Egypt announces steep rise in electricity price in IMF-backed reform
Egypt announced a major increase in electricity prices on Thursday as authorities continued to cut government subsidies under an IMF-backed economic reform package.
Electricity Minister Mohammed Shaker said prices would rise by between 18 and 42 percent for household bills starting from this month.
The government has been looking to slash the subsidies it uses to keep consumers' energy prices down and raise taxes in a bid to tighten up government finances.
The measures are part of a three-year $12 billion International Monetary Fund loan agreement it hopes will lure back foreign investors who fled after a 2011 political uprising.
It said previously it would phase out electricity subsidies entirely by the end of the 2018-19 fiscal year beginning in July, but Shaker said tough economic conditions brought on by the floating of the pound currency in November means the subsidies will be phased out more gradually, by the end of 2021-22.
"We were supposed to have been completely done with the (electricity) subsidy in the current and next fiscal years," Shaker said, with the current fiscal year starting on July 1.

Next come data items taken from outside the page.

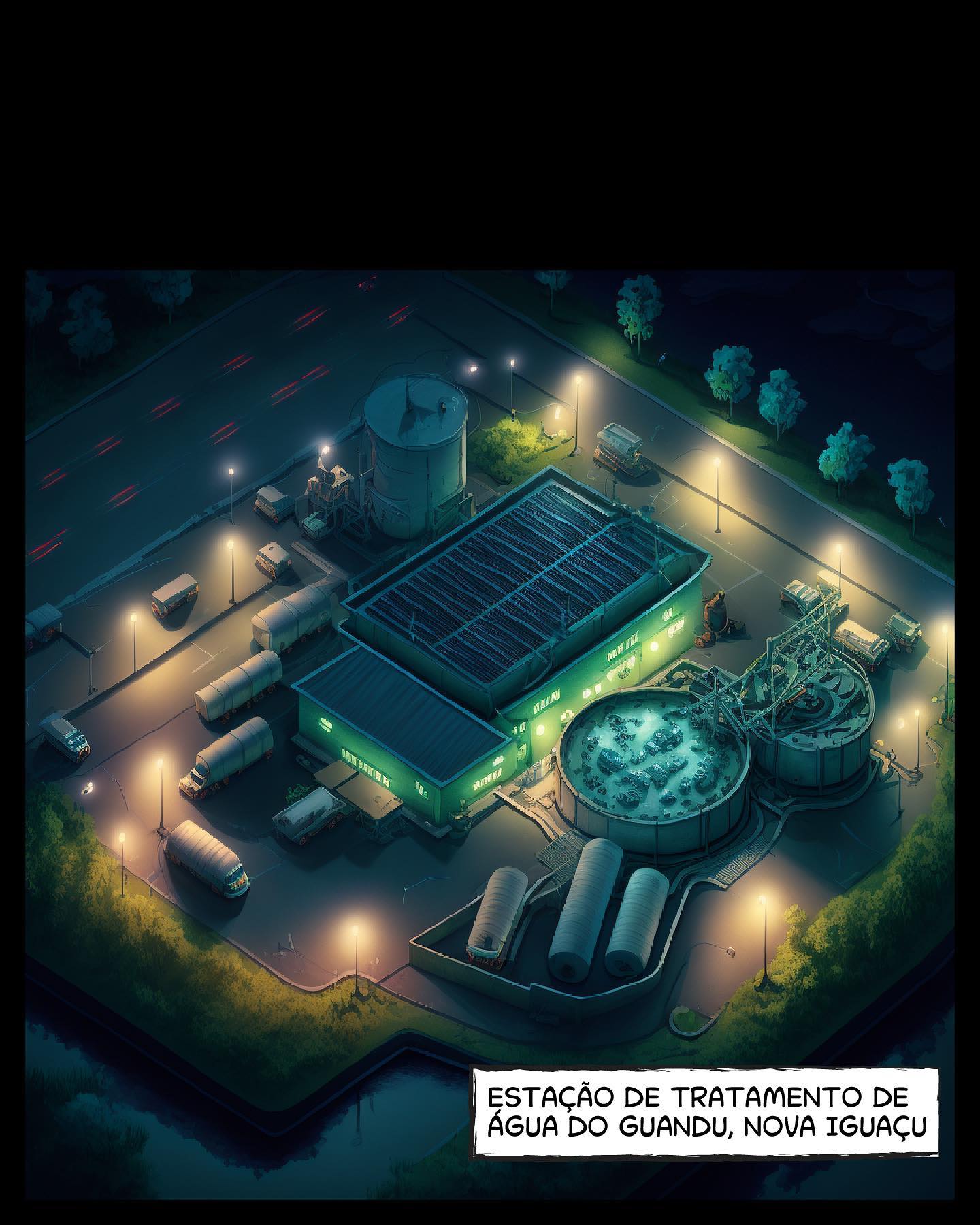 Painel 6 Vista aérea noturna de uma estação de tratamento de água. Caixa de Texto: ESTAÇÃO DE TRATAMENTO DE ÁGUA DO GUANDU, NOVA IGUAÇU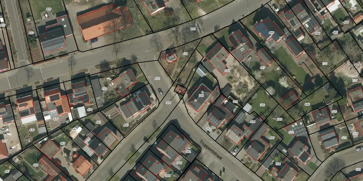 Truppertstraat 1-T-1 is gelegen op kadastraal perceel WEE01AC904. Deze kadastrale aanduiding is uniek en wordt gebruikt door het Kadaster om eigendomsrechten en andere zakelijke rechten vast te leggen. Het perceel maakt onderdeel uit van de kadastrale gemeente Weert.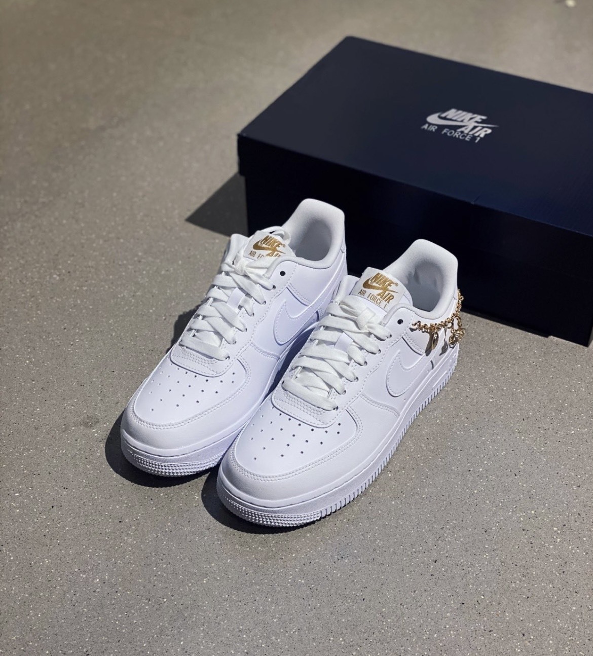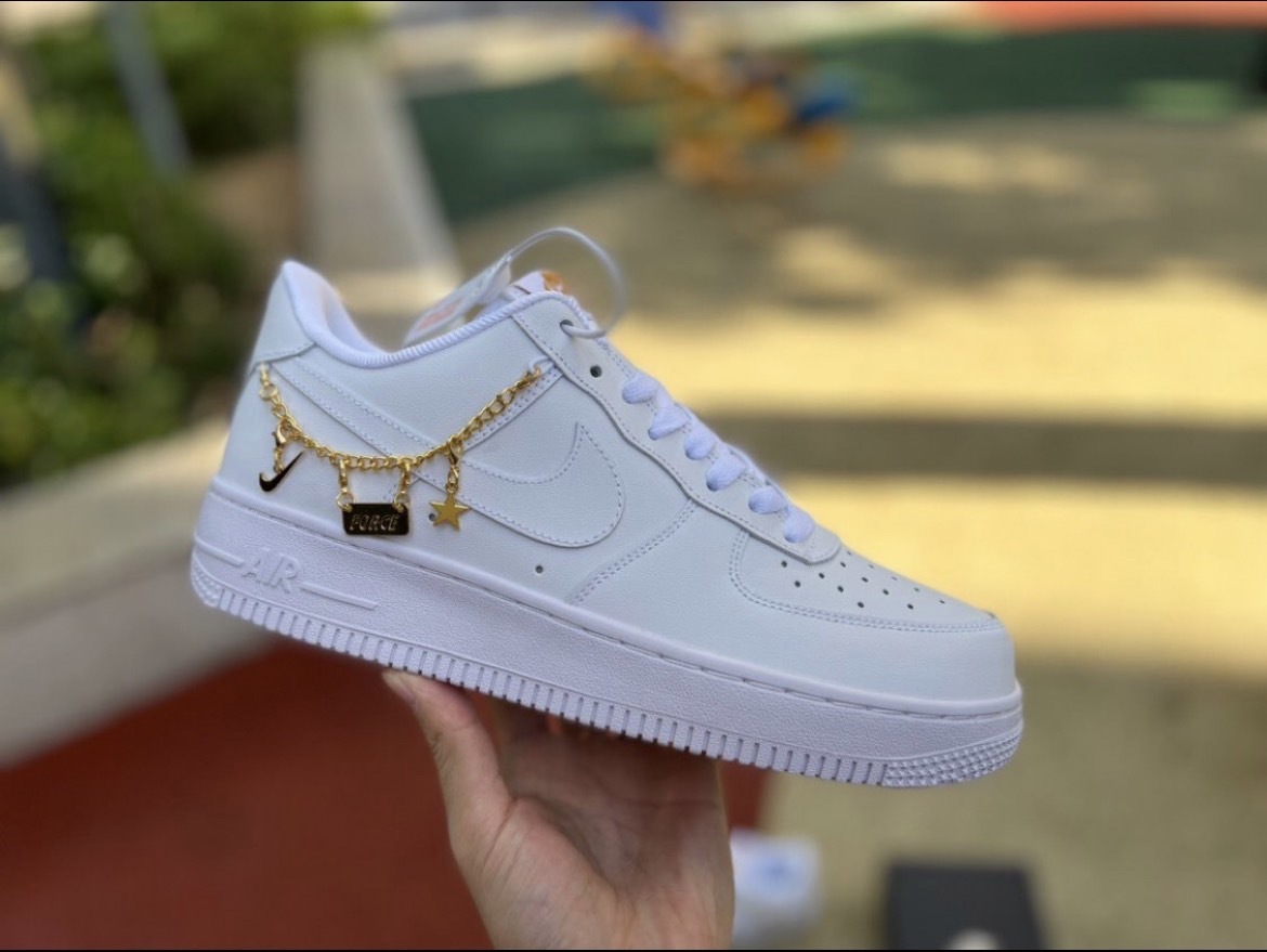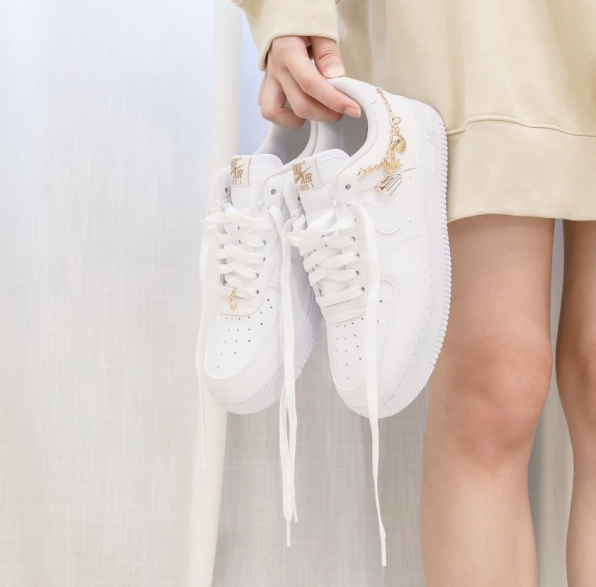 Nike Air Force 1 LX "Lucky Charms" 全白 金鍊條 女款

"Owing to conditions related to the big increase in the exchange rate, we have extended the period (for subsidies) by three more years," Shaker told a news conference announcing the new electricity prices.
Inflation has soared in import-dependent Egypt following the currency float, reaching a three-decade high of over 30 percent. Price rises are expected to continue following hikes to the prices of electricity and fuel.
Shaker said Egypt spent 64 billion Egyptian pounds ($3.58 billion) on electricity subsidies during the 2016-17 fiscal year which ended in June, more than twice the 30 billion initially expected in the budget, largely a result of higher import costs for liquefied natural gas (LNG), which supply its power stations, following the float.
The price hikes, which will take effect beginning 1 August, will cut subsidy spending to 52.7 billion pounds in the current fiscal year and then to 43.4 billion pounds in the 2018-19 fiscal year, Shaker said.
Since November, Egyptian authorities have floated the country's currency, slashed fuel subsidies twice, and adopted a value added tax as part of the programme, which has led to soaring consumer prices.
The value of the pound has since plummeted, with one dollar - worth 8.8 pounds at the official exchange rate in November - now worth more than 17 pounds, while annual inflation reached 30.9 percent in May.